Двойной язык - [32]
– Таким образом, – сказал коринфянин, – мы согласны (не так ли?), что римское правление следует терпеть?
– А если нет, – негромко сказал Ионид, – что мы могли бы сделать?
– Ничего, – сказал Аристомах.
– Ничего, – сказал коринфянин.
– Тем не менее, – сказал Ионид, – имеется эта, открыть кавычки, подпольная, закрыть кавычки, партия в Афинах. Вы, благородный господин, столь много путешествовавший, вы не слышали о том же в других эллинистических городах?
Финикиец прищурился на него над краем чаши:
– Собственно, почему вам хочется это узнать?
– Вы, благородный господин, чужеземец.
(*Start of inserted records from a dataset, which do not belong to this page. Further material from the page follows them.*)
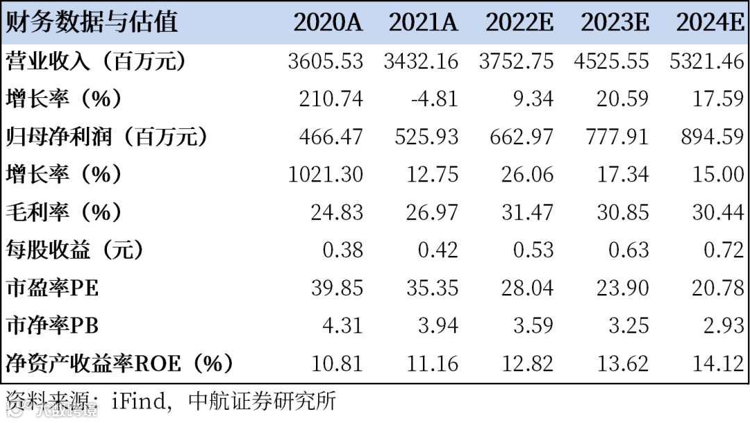 1.公司背靠中电科14所以及国睿子集团,技术实力雄厚;2.重大重组后,公司成为A股市场雷达技术最为先进、产品品类最为齐全的上市公司,盈利规模和质量上新台阶;3.疫情对军贸冲击减弱,全球安全需求增加,公司军贸新签合同额创历史同期新高,公司军贸业务有望持续向好;4.科技创新成果显著,有望给公司业绩增长持续提供新动能。我们预计公司2022-2024年的营业收入分别为37.53亿元、45.26亿元和53.21亿元,归母净利润分别为6.63亿元、7.78亿元和8.95亿元,EPS分别为0.53元、0.63元和0.72元。我们维持“买入”评级,目标价19.32元,对应2022-2024年预测EPS的36倍、31倍及27倍PE。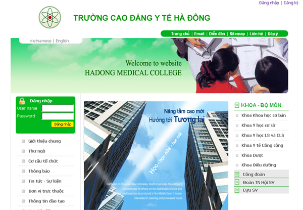 Cổng thông tin điện tử Trường Cao đẳng Y tế Hà Đông, với địa chỉ: http://cdythadong.edu.vn. Mục tiêu của trang là giới thiệu về Trường Cao đẳng Y tế Hà Đông. Trước đây là Trường Cao đẳng Y tế Hà Tây. Thông qua đây, mọi người có thể biết được trường đào tạo những ngành gì, khoa gì và nhiều thông tin bổ ích khác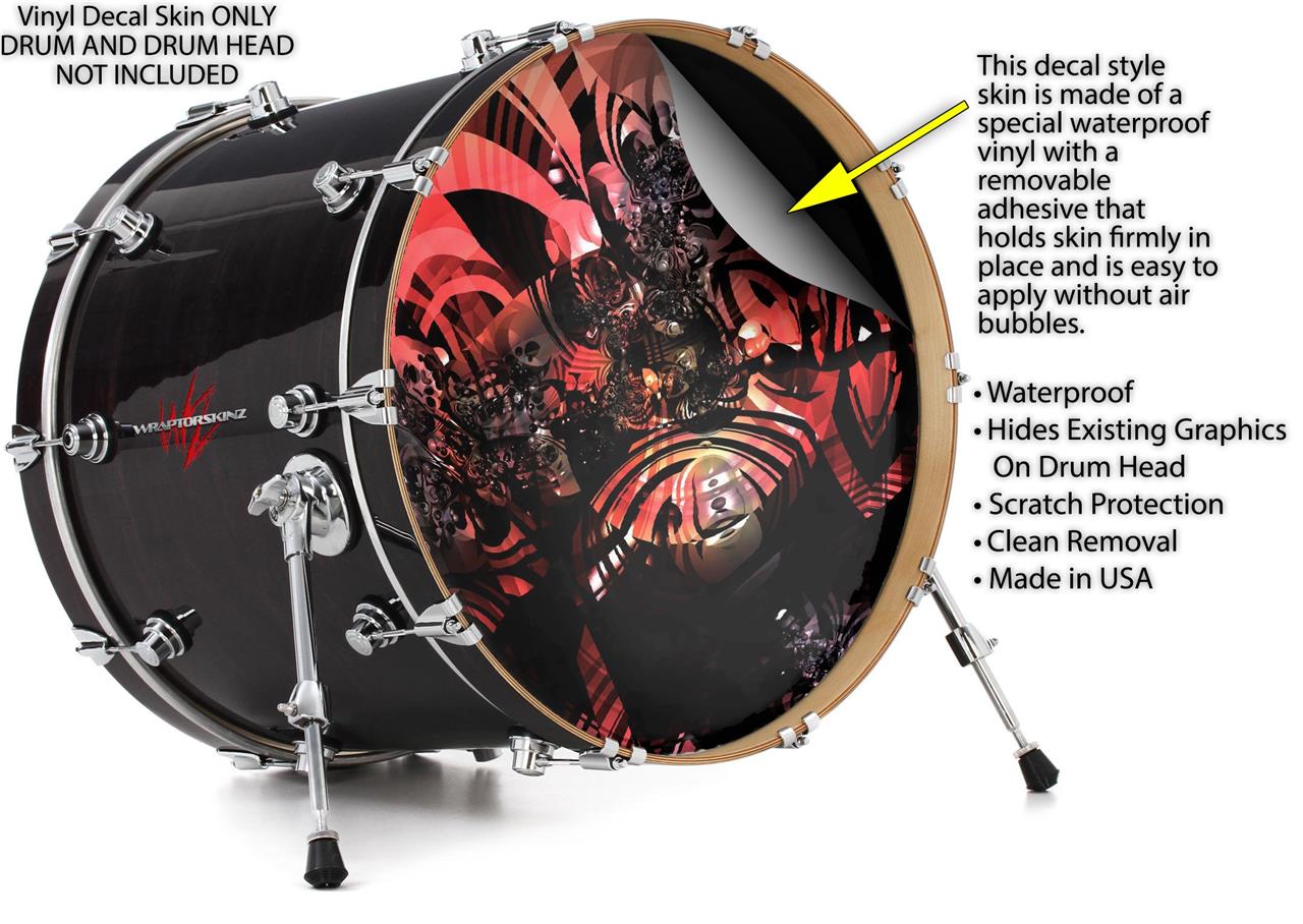 This design also available in other sizes. WraptorSkinz® skin wraps compatible with most kick drum heads. Printed using superb photo quality designs and vibrant colors printed with special fade resistant inks that last even in direct sun for years. WraptorSkinz are a composite three layer commercial grade materials vinyl. The bottom layer is a air release, grey block out removable adhesive that hides existing graphics on the drum head and is easily applied without air bubbles. The middle layer is a flexible vinyl printed with UV protected, fade resistant inks that deliver superb photo quality designs in vibrant colors. Finally, we bond a professional grade laminate over the entire skin adding a glossy protective finish.
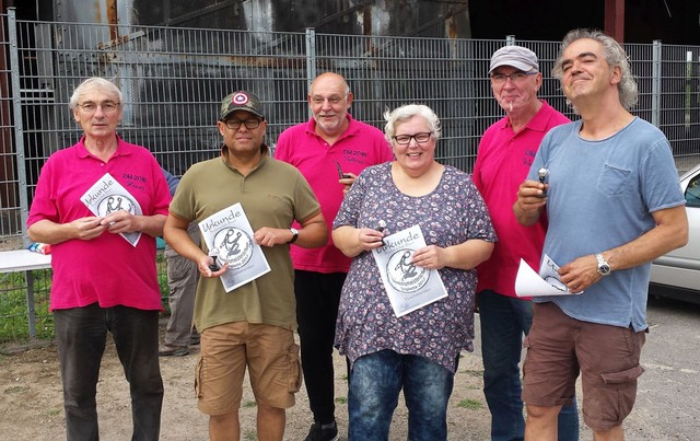 Um 16:15 Uhr standen sich Gabi Hochheim, David Salih, Armin Rund und Wolfgang Brodisch, Heiner Hojnacki, Volkmar Erwig im Finale gegenüber. Unter den Augen der restlichen Spieler/-innen wurde auf dem schwierigsten Geländestück des Platzes vor dem südlichen Maschinenhaus um jede Kugel gekämpft. Es ging Pünktchen für Pünktchen hin und her. Mit einem knappen 13:11 gingen die großen Pokale an die neuen Vereinsmeister Gabi, David und Armin. Wolfgang, Heiner und Volkmar konnten aber die kleinen Pokale einstreichen. Sie lagen in der Gesamttabelle mit einem Buchholzpunkt und 11 Spielpunkten vor den Drittplatzierten Roman und Nadja Kotlovski mit Jürgen Dembowski.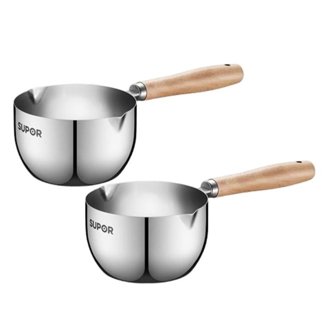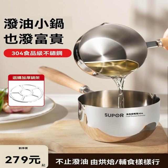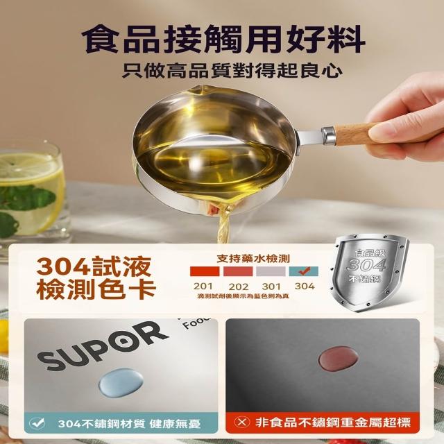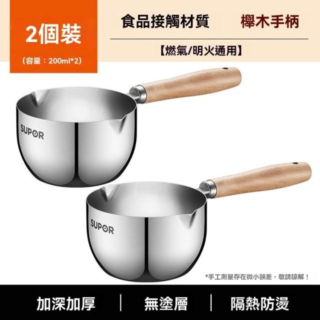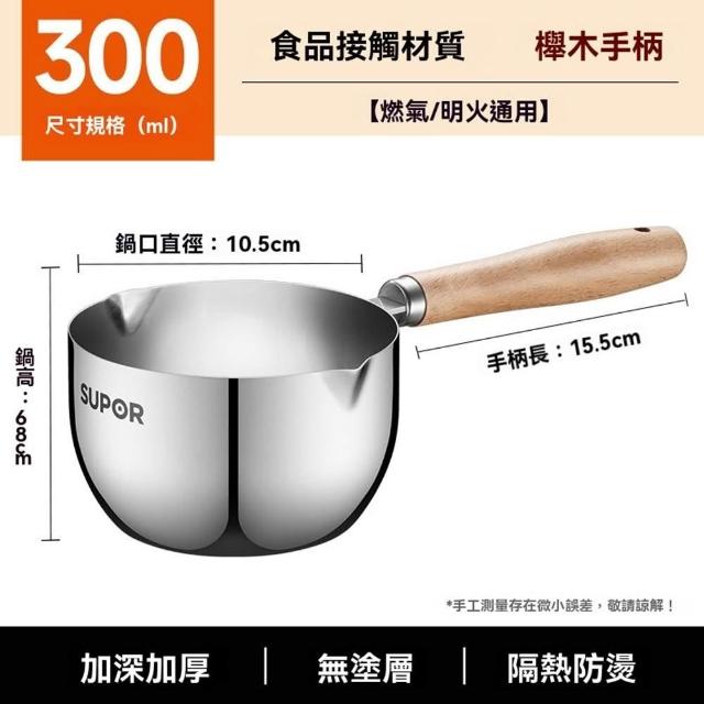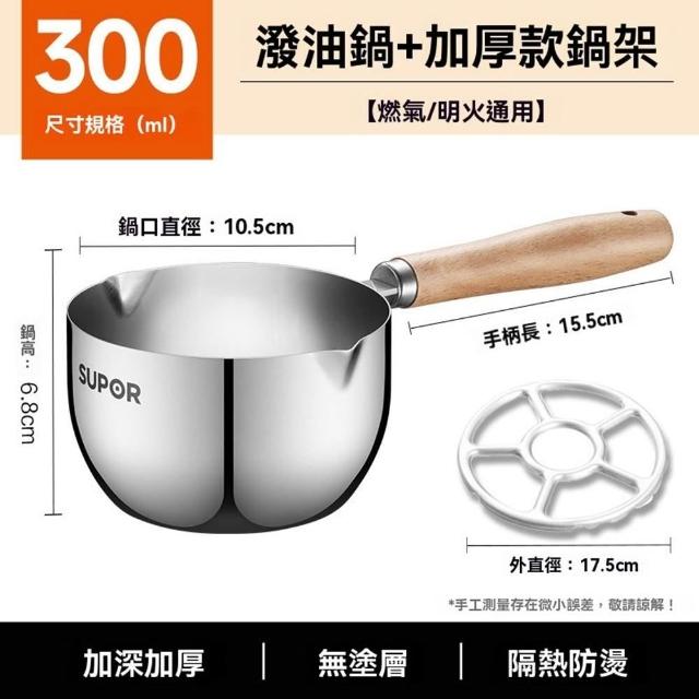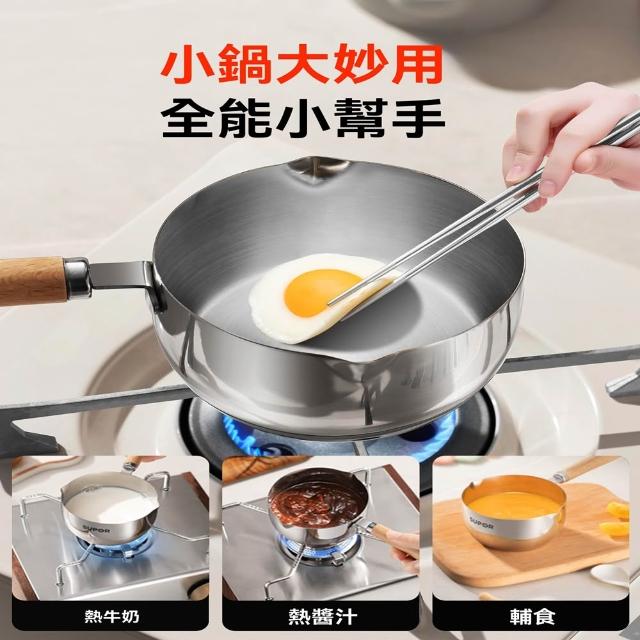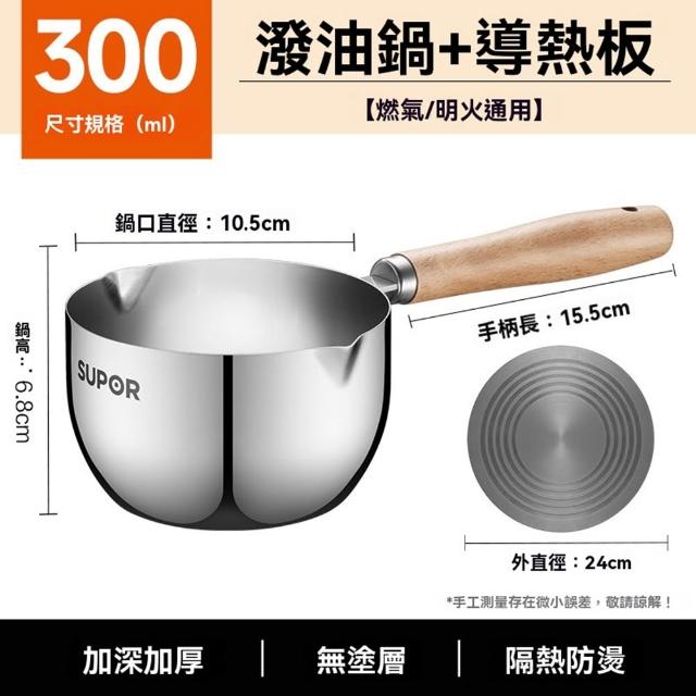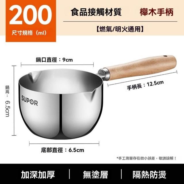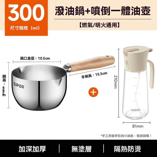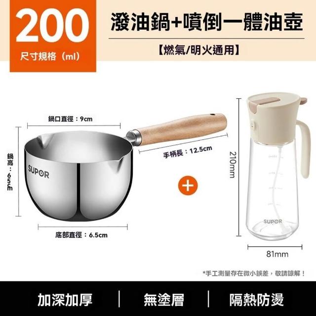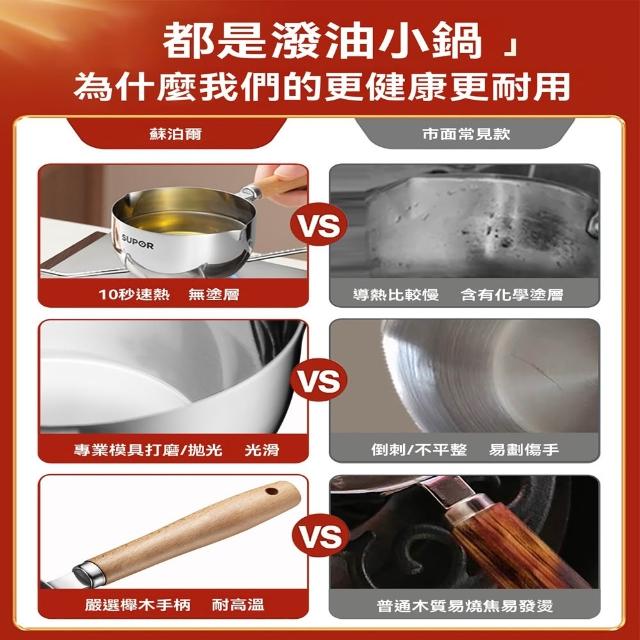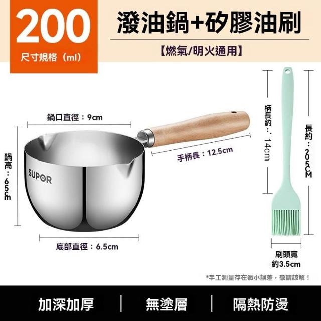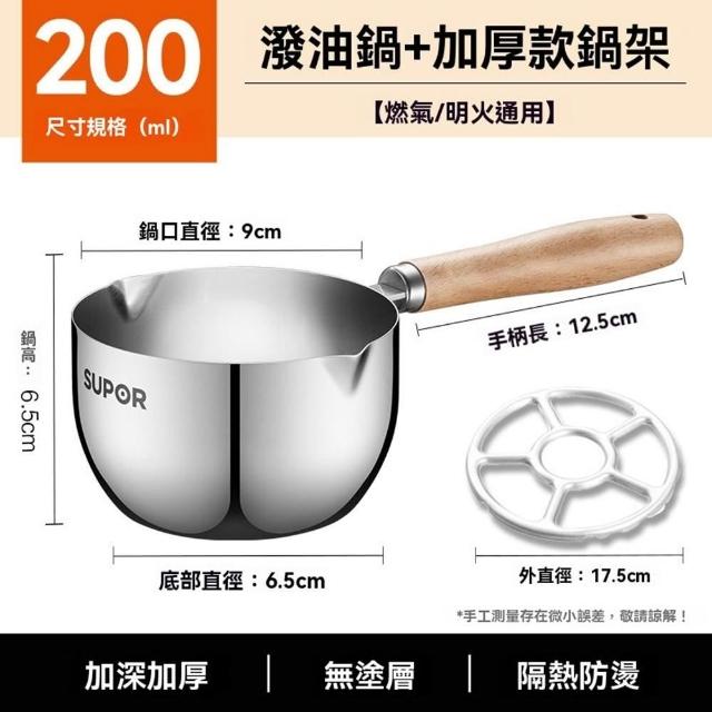 不鏽鋼潑油勺 熱油鍋 潑油小鍋 小油鍋 熱油神器 燒油熗油鍋 刻度量杯 熱油鍋 熗油小鍋(加深加厚/無塗層/櫸木手柄)

Вы можете говорить вслух то, что мы можем… не решиться сказать.
– Я слышал подобное. Я видел те и эти каракули и там и сям.
– И что думает правитель?
– А о чем ему думать? В Элладе царит мир.
– Если не считать разбойников, – сказал Аристомах.
– Если не считать пиратов, – сказал Ионид.
Жена коринфянина обернулась к нему:
– Ах, расскажите нам о пиратах!
– Просто в этой части Средиземного моря плавания стали небезопасными. Римляне охраняют воды между нами и ними, но больше почти нигде. В былые дни восточную часть моря оберегала ваша страна, но это было давно. Вы больше не можете себе это позволить.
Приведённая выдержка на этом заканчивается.